PROBLEM DESCRIPTION: Only the lines below from the one containing "A LMP 2026 aponta" through the one containing "Vintage Cat Puss" belong in the answer, set down exactly, with the pictures left out.

(Beginning of EXERCISE MATERIALS)

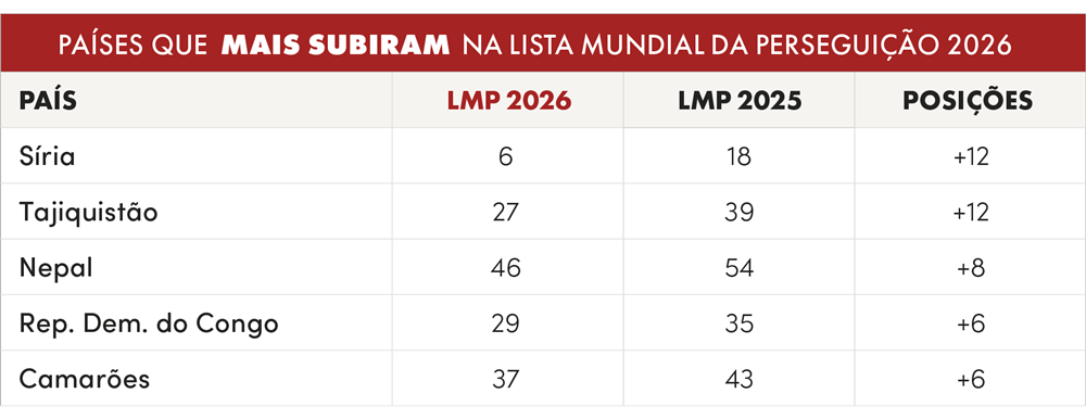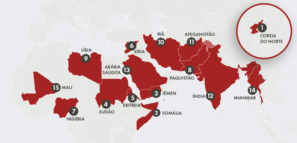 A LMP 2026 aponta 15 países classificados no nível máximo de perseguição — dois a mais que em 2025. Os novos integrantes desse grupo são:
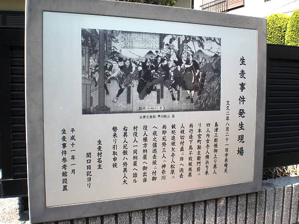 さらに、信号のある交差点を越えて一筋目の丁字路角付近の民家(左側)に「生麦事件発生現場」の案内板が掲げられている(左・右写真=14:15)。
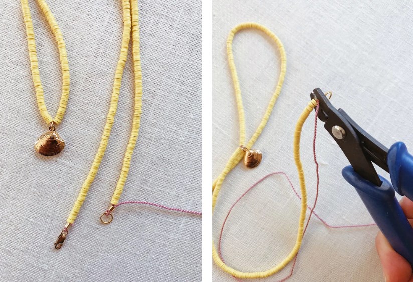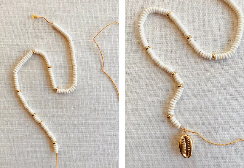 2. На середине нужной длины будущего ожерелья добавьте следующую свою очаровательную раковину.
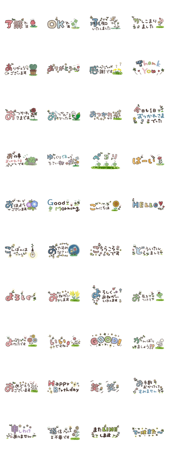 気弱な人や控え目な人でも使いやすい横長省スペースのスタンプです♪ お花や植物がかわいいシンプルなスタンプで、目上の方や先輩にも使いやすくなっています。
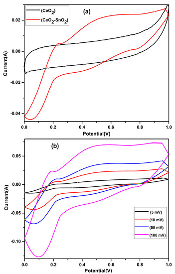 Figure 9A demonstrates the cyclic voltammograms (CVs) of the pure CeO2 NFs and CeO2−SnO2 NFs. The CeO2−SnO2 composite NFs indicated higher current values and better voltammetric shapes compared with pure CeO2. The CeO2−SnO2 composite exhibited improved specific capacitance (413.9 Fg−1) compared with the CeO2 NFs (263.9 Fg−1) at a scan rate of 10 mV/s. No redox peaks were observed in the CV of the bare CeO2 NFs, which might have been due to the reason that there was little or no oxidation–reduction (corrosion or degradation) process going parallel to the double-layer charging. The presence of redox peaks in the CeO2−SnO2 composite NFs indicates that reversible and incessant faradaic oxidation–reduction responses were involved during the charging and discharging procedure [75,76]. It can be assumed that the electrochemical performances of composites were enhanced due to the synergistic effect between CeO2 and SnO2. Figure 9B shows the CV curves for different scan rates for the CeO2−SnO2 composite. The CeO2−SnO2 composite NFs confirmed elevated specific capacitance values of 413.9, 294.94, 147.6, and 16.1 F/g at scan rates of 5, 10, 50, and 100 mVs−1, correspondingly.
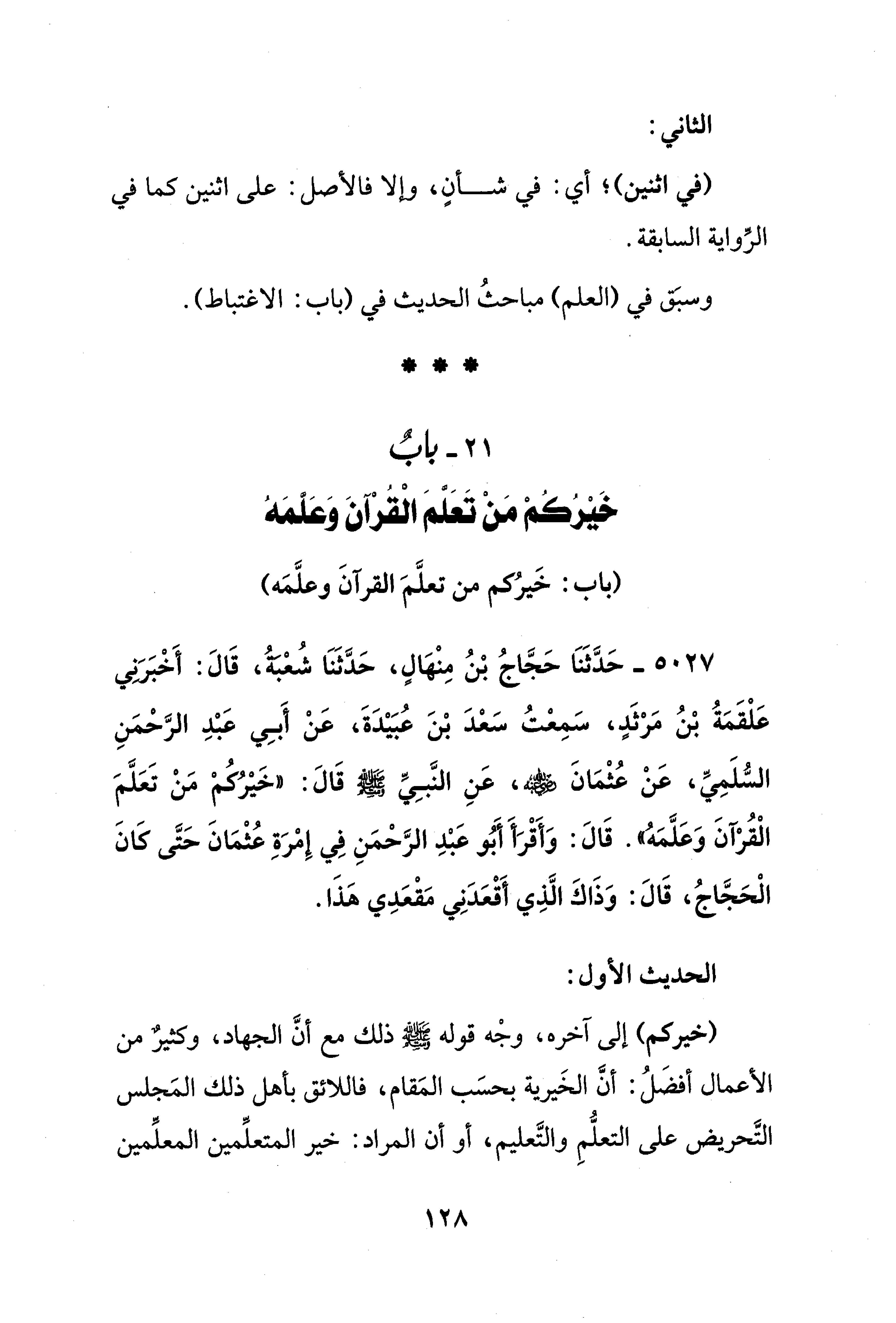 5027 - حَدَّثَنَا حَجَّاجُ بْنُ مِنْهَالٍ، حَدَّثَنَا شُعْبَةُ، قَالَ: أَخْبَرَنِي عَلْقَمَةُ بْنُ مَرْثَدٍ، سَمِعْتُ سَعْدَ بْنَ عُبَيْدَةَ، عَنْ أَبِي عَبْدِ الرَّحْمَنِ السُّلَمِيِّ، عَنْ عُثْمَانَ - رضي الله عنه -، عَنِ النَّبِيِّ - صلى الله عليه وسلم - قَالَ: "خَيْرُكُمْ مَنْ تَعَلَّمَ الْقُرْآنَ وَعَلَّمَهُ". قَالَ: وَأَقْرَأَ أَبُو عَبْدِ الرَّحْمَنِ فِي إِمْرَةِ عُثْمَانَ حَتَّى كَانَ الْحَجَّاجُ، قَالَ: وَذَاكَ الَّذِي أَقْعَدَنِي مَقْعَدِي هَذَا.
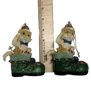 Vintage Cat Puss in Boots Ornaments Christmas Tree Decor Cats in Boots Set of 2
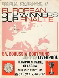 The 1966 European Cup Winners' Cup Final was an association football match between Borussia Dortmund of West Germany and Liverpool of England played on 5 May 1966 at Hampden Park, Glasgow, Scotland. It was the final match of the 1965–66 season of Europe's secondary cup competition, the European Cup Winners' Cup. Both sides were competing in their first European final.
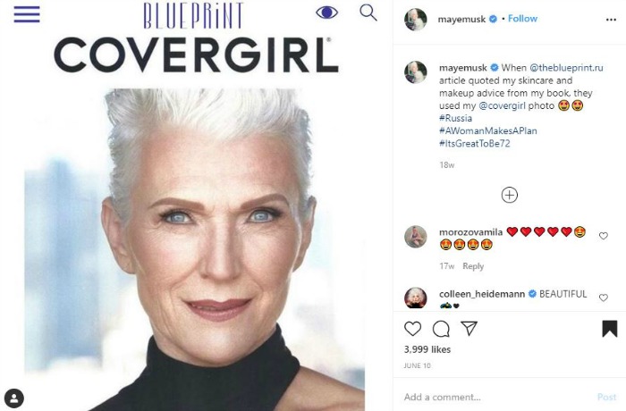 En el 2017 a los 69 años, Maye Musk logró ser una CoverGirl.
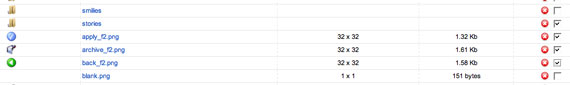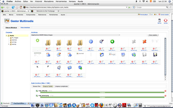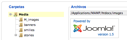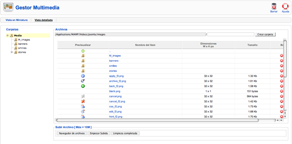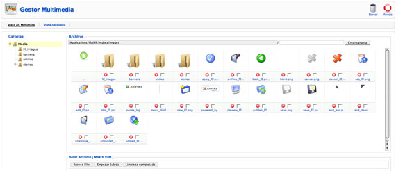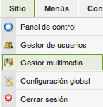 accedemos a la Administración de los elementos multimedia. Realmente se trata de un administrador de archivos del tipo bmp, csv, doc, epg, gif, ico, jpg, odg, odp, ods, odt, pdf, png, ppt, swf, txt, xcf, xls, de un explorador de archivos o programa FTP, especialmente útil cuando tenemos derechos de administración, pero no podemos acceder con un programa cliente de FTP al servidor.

(End of EXERCISE MATERIALS)
(Beginning of EXERCISE MATERIALS)

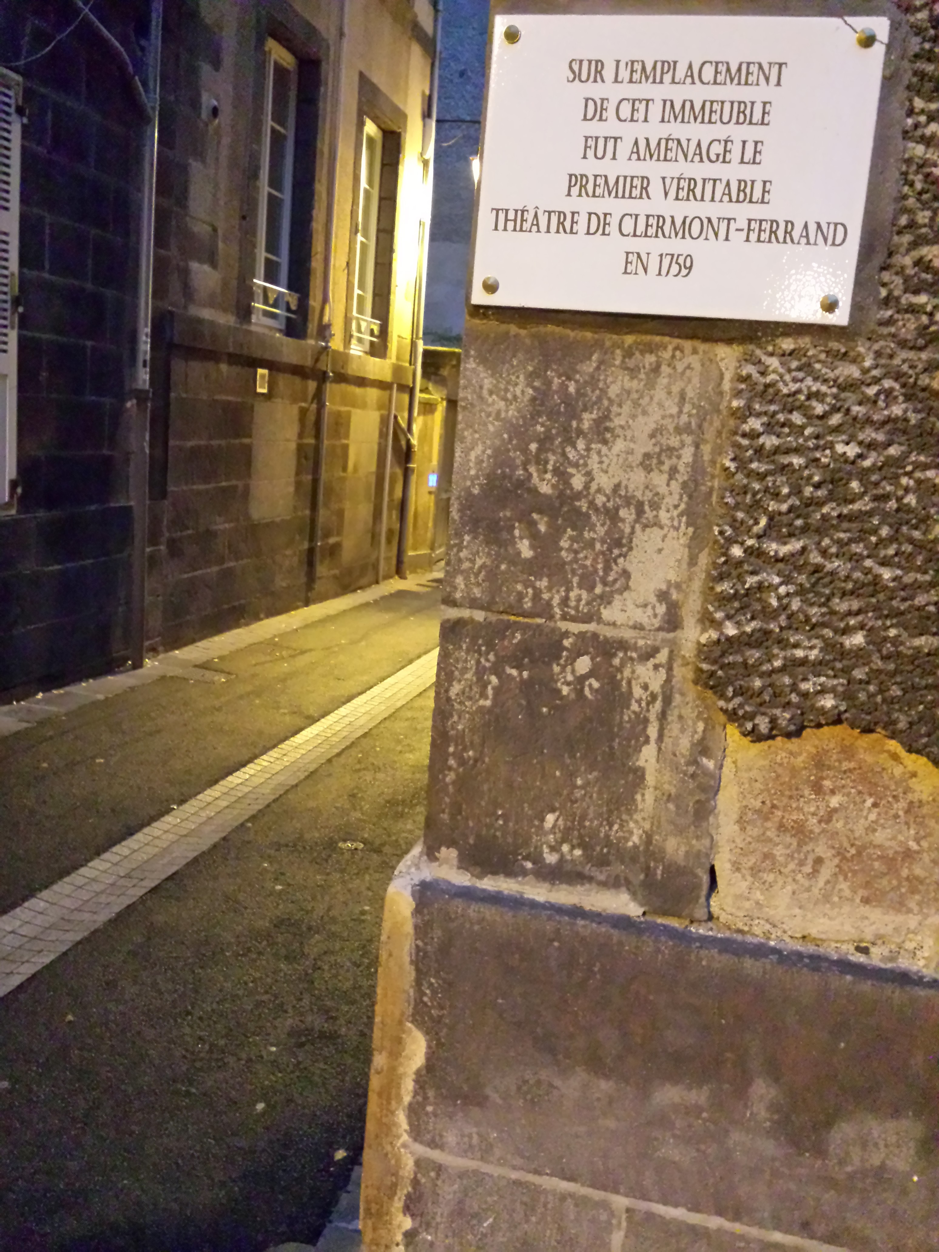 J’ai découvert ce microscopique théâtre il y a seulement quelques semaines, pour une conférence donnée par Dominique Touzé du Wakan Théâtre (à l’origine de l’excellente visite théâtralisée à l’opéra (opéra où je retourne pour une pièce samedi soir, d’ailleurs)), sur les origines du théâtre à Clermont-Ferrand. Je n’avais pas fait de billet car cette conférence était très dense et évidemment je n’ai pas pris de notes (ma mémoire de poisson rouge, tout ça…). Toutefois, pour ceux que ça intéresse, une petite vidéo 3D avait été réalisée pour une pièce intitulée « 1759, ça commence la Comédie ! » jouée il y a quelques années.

(End of EXERCISE MATERIALS)
(Beginning of EXERCISE MATERIALS)

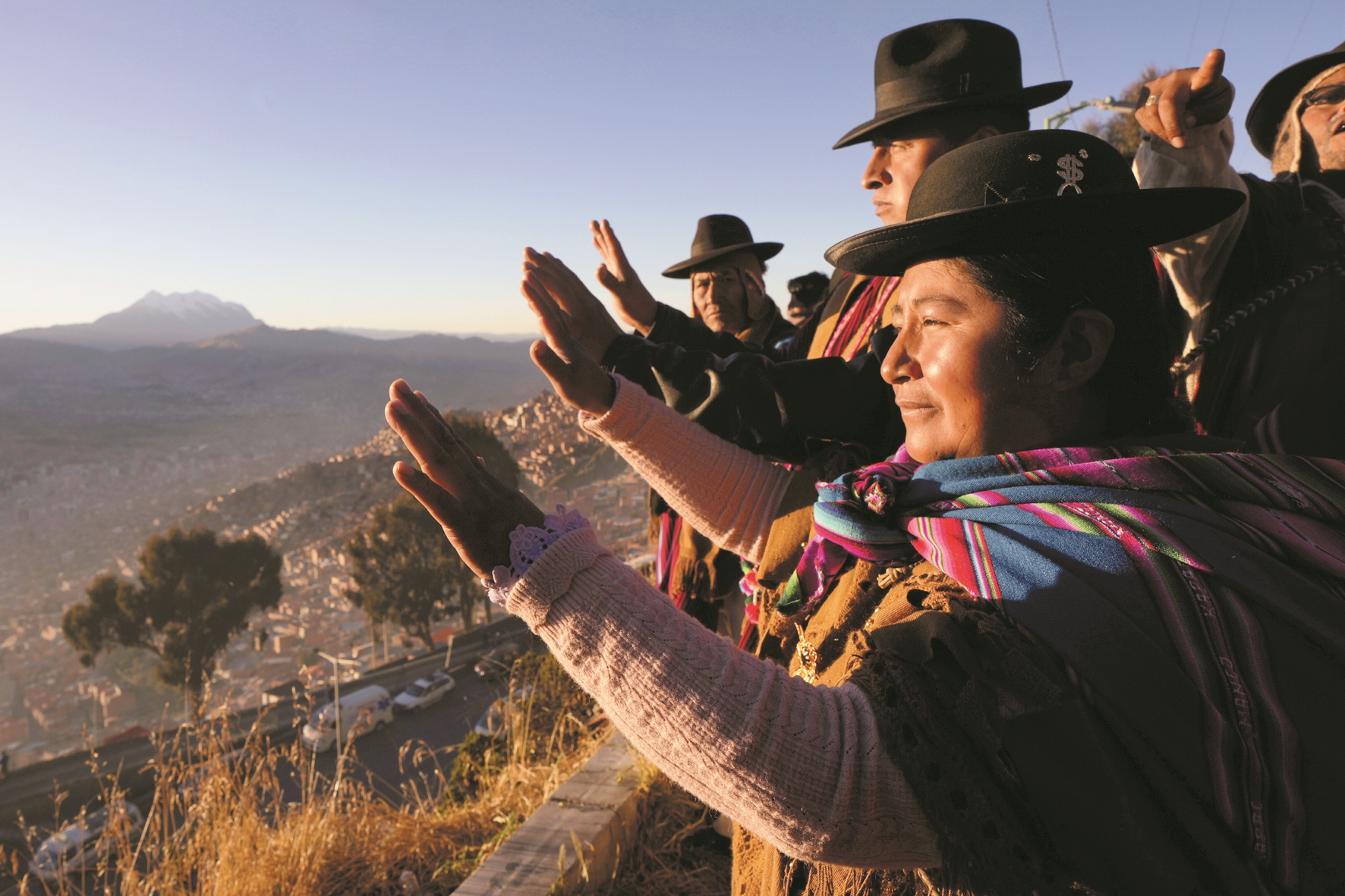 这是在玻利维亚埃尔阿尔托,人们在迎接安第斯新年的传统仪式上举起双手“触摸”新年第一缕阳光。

(End of EXERCISE MATERIALS)

YOUR RESPONSE:
 A LMP 2026 aponta 15 países classificados no nível máximo de perseguição — dois a mais que em 2025. Os novos integrantes desse grupo são:
 さらに、信号のある交差点を越えて一筋目の丁字路角付近の民家(左側)に「生麦事件発生現場」の案内板が掲げられている(左・右写真=14:15)。
 2. На середине нужной длины будущего ожерелья добавьте следующую свою очаровательную раковину.
 気弱な人や控え目な人でも使いやすい横長省スペースのスタンプです♪ お花や植物がかわいいシンプルなスタンプで、目上の方や先輩にも使いやすくなっています。
 Figure 9A demonstrates the cyclic voltammograms (CVs) of the pure CeO2 NFs and CeO2−SnO2 NFs. The CeO2−SnO2 composite NFs indicated higher current values and better voltammetric shapes compared with pure CeO2. The CeO2−SnO2 composite exhibited improved specific capacitance (413.9 Fg−1) compared with the CeO2 NFs (263.9 Fg−1) at a scan rate of 10 mV/s. No redox peaks were observed in the CV of the bare CeO2 NFs, which might have been due to the reason that there was little or no oxidation–reduction (corrosion or degradation) process going parallel to the double-layer charging. The presence of redox peaks in the CeO2−SnO2 composite NFs indicates that reversible and incessant faradaic oxidation–reduction responses were involved during the charging and discharging procedure [75,76]. It can be assumed that the electrochemical performances of composites were enhanced due to the synergistic effect between CeO2 and SnO2. Figure 9B shows the CV curves for different scan rates for the CeO2−SnO2 composite. The CeO2−SnO2 composite NFs confirmed elevated specific capacitance values of 413.9, 294.94, 147.6, and 16.1 F/g at scan rates of 5, 10, 50, and 100 mVs−1, correspondingly.
 5027 - حَدَّثَنَا حَجَّاجُ بْنُ مِنْهَالٍ، حَدَّثَنَا شُعْبَةُ، قَالَ: أَخْبَرَنِي عَلْقَمَةُ بْنُ مَرْثَدٍ، سَمِعْتُ سَعْدَ بْنَ عُبَيْدَةَ، عَنْ أَبِي عَبْدِ الرَّحْمَنِ السُّلَمِيِّ، عَنْ عُثْمَانَ - رضي الله عنه -، عَنِ النَّبِيِّ - صلى الله عليه وسلم - قَالَ: "خَيْرُكُمْ مَنْ تَعَلَّمَ الْقُرْآنَ وَعَلَّمَهُ". قَالَ: وَأَقْرَأَ أَبُو عَبْدِ الرَّحْمَنِ فِي إِمْرَةِ عُثْمَانَ حَتَّى كَانَ الْحَجَّاجُ، قَالَ: وَذَاكَ الَّذِي أَقْعَدَنِي مَقْعَدِي هَذَا.
 Vintage Cat Puss in Boots Ornaments Christmas Tree Decor Cats in Boots Set of 2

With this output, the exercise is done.